Secondo l’interpretazione corrente tali comma non sarebbero applicabili ai docenti perché il 4° c. prevede che “ resta fermo quanto previsto dall’art. 74 c.4” del D. Lgs 150 /2009  ” (decreto Brunetta), che rinviava a un DPCM la determinazione dei limiti e delle modalità con cui applicare ai docenti i sistemi di misurazione, valutazione e trasparenza e delle relative retribuzione previste sempre dal D. Lgs 150. Il DPCM è stato emanato il 26.1.2011, ma in sostanza rinvia ancora ad un provvedimento del MIUR. Si tratterebbe di diritto speciale che, quindi, prevarrebbe sulle norme di legge e contrattuali successive. Non è una lettura convincente, perché l’art. 74 sospende solo l’applicazione delle norme previste dalla Brunetta, che facevano riferimento a tutto il salario accessorio – per cui anche al FIS- e prevedevano che il 25% del personale non percepisse niente, il 50% la metà dei fondi e il restante 25% l’altra metà. Ma la L. 107 è un’altra legge successiva alla Brunetta, i cui effetti non possono essere sospesi dall’art. 74 e, infatti, è stata applicata senza remore in questi anni. Non solo, ma costituisce, in base al decreto Madia, un limite a cui deve attenersi la contrattazione. Per cui, essendo i primi 3 comma dell’art. 20 del CCNL perfettamente in linea con la lettera e lo spirito (nefasto) della 107 essi sono, a mio parere, applicabili ai docenti.

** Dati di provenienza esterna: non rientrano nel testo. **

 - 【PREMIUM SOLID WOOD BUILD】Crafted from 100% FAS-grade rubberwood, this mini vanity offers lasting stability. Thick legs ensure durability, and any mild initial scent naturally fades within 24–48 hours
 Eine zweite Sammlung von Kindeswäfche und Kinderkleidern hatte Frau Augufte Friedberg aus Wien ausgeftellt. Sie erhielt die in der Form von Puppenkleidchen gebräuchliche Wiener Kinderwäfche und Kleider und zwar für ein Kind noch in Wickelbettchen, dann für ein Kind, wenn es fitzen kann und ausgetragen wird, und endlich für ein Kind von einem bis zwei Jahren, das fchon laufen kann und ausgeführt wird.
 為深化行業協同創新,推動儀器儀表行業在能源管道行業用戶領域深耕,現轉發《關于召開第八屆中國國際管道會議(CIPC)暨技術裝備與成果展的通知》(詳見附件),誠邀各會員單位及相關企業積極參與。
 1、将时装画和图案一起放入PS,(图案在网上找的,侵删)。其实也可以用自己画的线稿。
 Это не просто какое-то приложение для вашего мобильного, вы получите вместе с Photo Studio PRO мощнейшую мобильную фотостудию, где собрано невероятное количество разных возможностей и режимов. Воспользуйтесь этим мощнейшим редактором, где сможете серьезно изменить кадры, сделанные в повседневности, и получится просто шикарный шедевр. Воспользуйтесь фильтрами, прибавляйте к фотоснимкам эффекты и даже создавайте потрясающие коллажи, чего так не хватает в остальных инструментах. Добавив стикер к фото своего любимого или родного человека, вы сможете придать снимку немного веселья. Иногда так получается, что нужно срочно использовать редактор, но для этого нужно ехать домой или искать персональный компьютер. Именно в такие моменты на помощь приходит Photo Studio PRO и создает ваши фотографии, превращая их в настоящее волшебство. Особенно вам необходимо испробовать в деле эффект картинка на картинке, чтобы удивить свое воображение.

Quindi, la legge 107 non è smantellata dal CCNL, che anzi ne recepisce la filosofia. Per cui: il Comitato di valutazione delibera i criteri di valutazione dei docenti; il DS applica tali criteri nella valutazione dei singoli docenti, a cui assegna i premi rispettando i criteri di quantificazione previsti dal contratto d’istituto, che a sua volta deve rispettare le due (o tre) fasce previste dall’art. 20 del CCNL, la maggiorazione minima del 30%per i più bravi, il carattere selettivo del bonus. E’ evidente che, se questa interpretazione è corretta, non vi sono spazi significativi per una contrattazione che rifiuti la logica della differenziazione e della valutazione insita nella 107.

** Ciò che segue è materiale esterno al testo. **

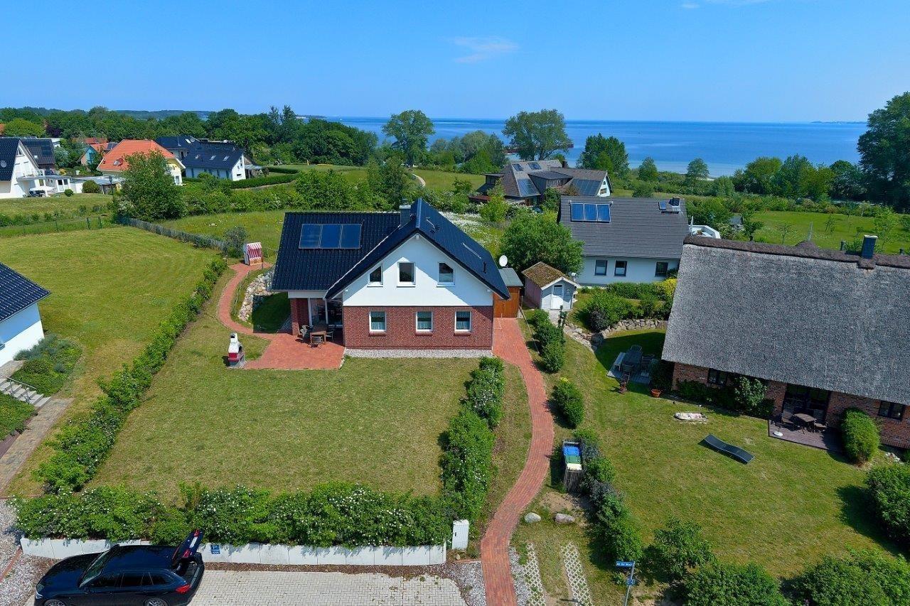 Die freistehende Ferienvilla Strandoase mit Blick auf die Ostsee bietet höchsten Komfort auf 170 m². Der großzügige Wohn- und Essbereich umfasst eine gemütliche Couchgruppe, einen DVD-Player und einen Flat-Screen-TV. Die moderne Küche ist komplett ausgestattet. Das Haus verfügt über 4 Schlafzimmer, eines im Erdgeschoss, und bietet Platz für 8 Erwachsene und 2 Kinder bis 3 Jahre. Alle Schlafzimmer sind mit Doppelbetten ausgestattet, und ein Zimmer verfügt über ein zusätzliches Gitterbett. Es gibt insgesamt 3 Badezimmer, wobei eines barrierefrei und seniorengerecht im Erdgeschoss liegt. Zur Ausstattung gehören eine teilweise überdachte Terrasse mit Sitzmöglichkeiten nach Süd/Westen, 2 Balkone mit Seeblick, eine Grillecke, ein Strandkorb und Terrassenmöbel sowie 2 Pkw-Stellplätze. Zusätzlich sind ein Fön, Bücher, Spiele, ein Grill, ein Toaster, ein Bluetooth-Lautsprecher, ein Verbandskasten, ein Reisebett, ein Mixer und eine Mikrowelle vorhanden.

  Permessi retribuiti, ferie.

Nessuna modifica per i 3 giorni di permesso retribuito per motivi personali o familiari per il personale a tempo indeterminato, compresi i 6 gg. di ferie da fruire come permessi, che rimangono quindi sottratti alla discrezionalità del dirigente scolastico e giustificati anche mediante autocertificazione senza necessità di trovare un sostituto.

Ai tre giorni di permessi retribuiti ex art.15 comma 2 del CCNL si possono aggiungere “per gli stessi motivi e con le stesse modalità (…) sei giorni di ferie durante i periodi di attività didattica di cui all’art.13, comma 9, prescindendo dalle condizioni previste in tale norma” .

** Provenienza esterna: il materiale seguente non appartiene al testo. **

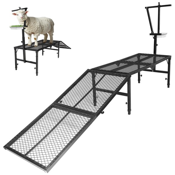 • 【Versatile Tool for Livestock Care】 Perfect for goats, sheep, calves, and other similarly-sized animals, this livestock trimming stand with ramp is an essential tool for farmers, breeders, and veterinarians. Ideal for everyday tasks such as grooming, milking, hoof trimming, shearing, bathing and even animal transportation. Designed to meet the diverse needs of livestock care, it provides both stability and convenience.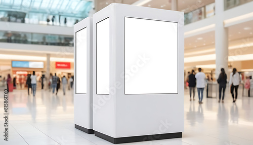 Blank white advertising flat mockup Kiosk display for advertisement at a shopping mall with blurred background and copy space, no humans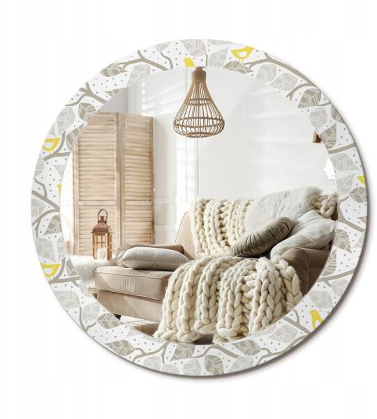 Függő tükör grafikával díszítve üvegen fi 80 cm Sárga madarak az ágakon (010090550110300030007)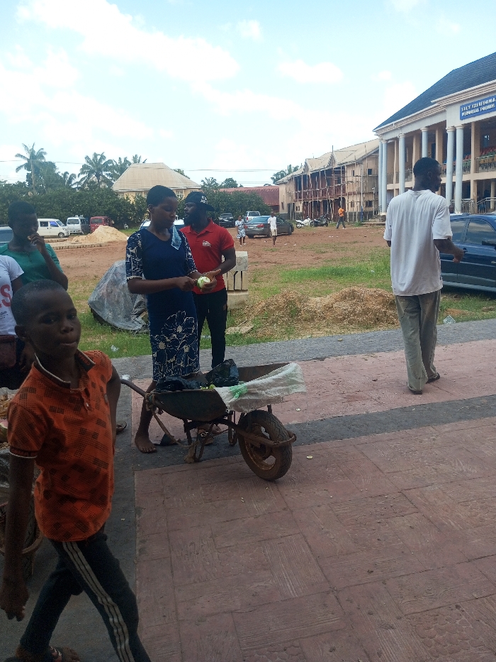 An outdoor scene in Aguata, Nigeria, depicts a daytime environment with multiple individuals and structures

Infatti anche questi giorni di ferie, se richiesti per motivi personali o familiari non sono soggetti ad alcuna autorizzazione; si precisa che in questo caso, non vale quanto affermato nel comma 9 dell’art.13“la fruibilità dei predetti giorni è subordinata alla possibilità di sostituire il personale che se ne avvale con altro personale in servizio nella stessa sede e, comunque, alla condizione che non vengano a determinarsi oneri aggiuntivi anche per l’eventuale corresponsione di compensi per ore eccedenti, salvo quanto previsto dall’art.15, comma 2”.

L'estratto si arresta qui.